Long Call butterfly should be used if your view about the market is neutral. That is market is not moving in either direction. So if market is range bound or you see low volatility in market then you should use this technique. The market outlook should be direction neutral with low volatility. This strategy will provide you maximum benefit in case of Doji closing.
But if market moves in either direction then there will be loss which is limited in nature compared to the profit. So this is high profit and low loss technique. The trade off is that profit range is narrow but loss range is too wide. So you need to take care of the range for making good profit but in case of volatility the loss is limited. It is combination of below techniques (you can click on the links below to read them in details in case you have not previously.
- Sell 2 ATM Call Option
- Buy 1 ITM Call Option
- Buy 1 OTM Call option
- All of them should be of same expiry and instrument
- The strike prices for At the money (ATM), In the money (ITM) and Out of money (OTM) are equidistant.
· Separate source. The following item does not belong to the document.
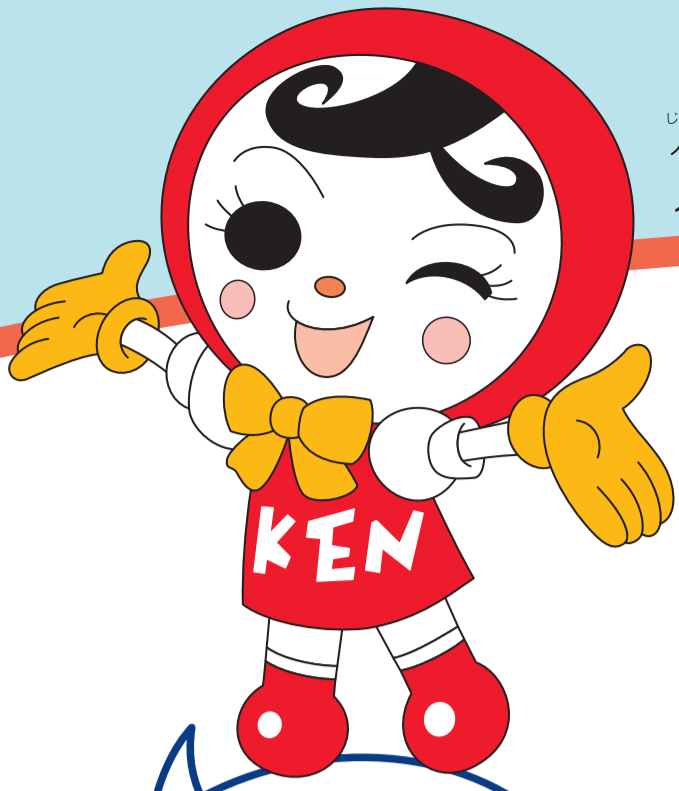
じんけん 人権イメージキャラクター じん 人KENあゆみちゃん

- So if you are buying Nifty ATM of 18,000 and ITM of 17,900 (less than 18,000 by 100) then OTM should be 18,100 (more than 100 from 18,000.
You should practice this technique on paper before executing in real life. The reason is simple because it has to satisfy above mentioned conditions. It should be properly planned before executing the setup and without proper understanding and planning of dry run it will be difficult to execute it in real life. You need to get an idea of profit range and loss to make most out of it.
If you are new to Options trading then I would suggest you to watch or read the Getting Started tutorial on Options . That will help you understand the strategies as well. Below videos explain you the concept in details
- When to use the strategy?
- Explanation of the technique with Nifty example
- Profit and loss potential of the technique
- How to create the strategy to maximize return?
English Video
Hindi Video
Conclusion
This is the first technique in our Options trading guide which is combination of more than two trades. So you need to understand it completely before moving forward as future techniques will be more complicated compared to this one. Creating the setup and understanding profit loss potential is key to execute these setup in real trade scenario. So better understand the example given in video along with profit and loss range and potential.
The technique is combination of Long Call and Short Call in case you are not comfortable with these two trades then you can read then in details before proceeding with this video. Note this is combination of three trades all of which needs to be executed in order to create it significantly. You should execute the trades simultaneously or with in span of time to get the premiums same as they get during the entire setup.
The premiums play important role in profit and loss one may have on this setup. It should not be the case that you executed one trade long time before and then waited for long to execute the second or third trade. There should not be much gap between the trades to be executed for proper setup of it.